---- GIVEN INFORMATION

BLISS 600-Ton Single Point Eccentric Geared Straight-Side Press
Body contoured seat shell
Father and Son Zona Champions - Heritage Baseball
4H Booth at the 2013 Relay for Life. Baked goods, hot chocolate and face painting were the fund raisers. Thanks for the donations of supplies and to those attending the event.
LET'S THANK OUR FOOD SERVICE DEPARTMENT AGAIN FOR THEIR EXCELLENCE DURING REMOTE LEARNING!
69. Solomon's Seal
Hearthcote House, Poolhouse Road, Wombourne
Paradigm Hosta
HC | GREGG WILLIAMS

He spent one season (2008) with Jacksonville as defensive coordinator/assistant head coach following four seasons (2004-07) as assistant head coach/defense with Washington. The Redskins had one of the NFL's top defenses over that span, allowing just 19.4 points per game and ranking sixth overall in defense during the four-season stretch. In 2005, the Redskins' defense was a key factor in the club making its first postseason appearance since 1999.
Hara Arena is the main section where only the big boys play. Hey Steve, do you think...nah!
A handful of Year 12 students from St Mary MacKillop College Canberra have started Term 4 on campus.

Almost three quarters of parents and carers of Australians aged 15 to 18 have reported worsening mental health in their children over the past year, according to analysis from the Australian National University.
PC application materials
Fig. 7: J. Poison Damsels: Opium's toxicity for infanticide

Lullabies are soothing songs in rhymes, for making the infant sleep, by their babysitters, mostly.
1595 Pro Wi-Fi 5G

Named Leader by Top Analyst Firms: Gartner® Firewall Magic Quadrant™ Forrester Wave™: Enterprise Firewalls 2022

--------
---- GIVEN INFORMATION

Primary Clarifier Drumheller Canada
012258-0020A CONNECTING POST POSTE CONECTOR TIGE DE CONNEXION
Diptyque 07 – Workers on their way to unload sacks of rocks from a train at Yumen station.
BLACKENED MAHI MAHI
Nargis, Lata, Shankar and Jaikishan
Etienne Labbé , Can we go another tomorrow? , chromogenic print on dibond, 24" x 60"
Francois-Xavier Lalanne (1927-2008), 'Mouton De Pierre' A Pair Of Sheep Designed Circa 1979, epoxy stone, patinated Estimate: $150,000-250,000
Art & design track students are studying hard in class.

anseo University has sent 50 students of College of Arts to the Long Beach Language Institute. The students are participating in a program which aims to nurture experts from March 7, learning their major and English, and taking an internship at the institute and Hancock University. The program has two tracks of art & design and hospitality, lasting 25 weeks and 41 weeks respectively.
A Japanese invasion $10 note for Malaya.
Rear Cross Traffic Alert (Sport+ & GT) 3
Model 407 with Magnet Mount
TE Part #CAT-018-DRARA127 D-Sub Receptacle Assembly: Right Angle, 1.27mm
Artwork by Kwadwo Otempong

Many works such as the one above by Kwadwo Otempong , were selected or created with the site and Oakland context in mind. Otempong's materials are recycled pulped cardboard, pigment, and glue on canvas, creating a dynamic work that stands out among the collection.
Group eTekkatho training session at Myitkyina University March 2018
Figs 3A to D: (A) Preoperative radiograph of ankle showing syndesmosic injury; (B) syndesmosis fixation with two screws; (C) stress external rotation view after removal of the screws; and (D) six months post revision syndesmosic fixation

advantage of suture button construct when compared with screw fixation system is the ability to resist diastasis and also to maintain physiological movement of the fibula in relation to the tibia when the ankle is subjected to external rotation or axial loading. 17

--------
---- GIVEN INFORMATION

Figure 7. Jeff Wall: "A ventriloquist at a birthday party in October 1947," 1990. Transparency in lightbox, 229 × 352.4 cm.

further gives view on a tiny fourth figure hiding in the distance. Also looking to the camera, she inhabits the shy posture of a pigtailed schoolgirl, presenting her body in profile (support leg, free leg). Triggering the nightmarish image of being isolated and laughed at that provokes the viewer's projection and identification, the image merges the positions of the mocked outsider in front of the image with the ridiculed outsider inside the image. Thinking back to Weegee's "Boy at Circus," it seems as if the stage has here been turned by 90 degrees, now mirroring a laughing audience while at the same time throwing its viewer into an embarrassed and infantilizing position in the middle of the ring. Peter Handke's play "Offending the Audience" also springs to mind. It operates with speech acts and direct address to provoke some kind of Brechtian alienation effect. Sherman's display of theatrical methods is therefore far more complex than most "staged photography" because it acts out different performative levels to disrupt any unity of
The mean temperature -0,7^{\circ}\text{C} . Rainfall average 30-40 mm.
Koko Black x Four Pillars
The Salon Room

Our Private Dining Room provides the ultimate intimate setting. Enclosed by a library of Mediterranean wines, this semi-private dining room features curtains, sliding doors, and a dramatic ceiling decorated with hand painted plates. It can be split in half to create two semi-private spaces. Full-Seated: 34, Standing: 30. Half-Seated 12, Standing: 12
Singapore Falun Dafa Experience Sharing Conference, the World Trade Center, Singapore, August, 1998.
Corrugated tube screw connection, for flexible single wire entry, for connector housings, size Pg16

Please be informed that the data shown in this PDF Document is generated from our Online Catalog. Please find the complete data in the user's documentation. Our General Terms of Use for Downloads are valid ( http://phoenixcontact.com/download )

--------

**HOW TO COMPLETE THIS TASK:** For the listing above, print only the lines starting at the line containing "Fig. 7: J. Poison" and ending at the line containing "Named Leader by", exactly, both included.

**ANSWER TO THE EXERCISE:**
Fig. 7: J. Poison Damsels: Opium's toxicity for infanticide

Lullabies are soothing songs in rhymes, for making the infant sleep, by their babysitters, mostly.
1595 Pro Wi-Fi 5G

Named Leader by Top Analyst Firms: Gartner® Firewall Magic Quadrant™ Forrester Wave™: Enterprise Firewalls 2022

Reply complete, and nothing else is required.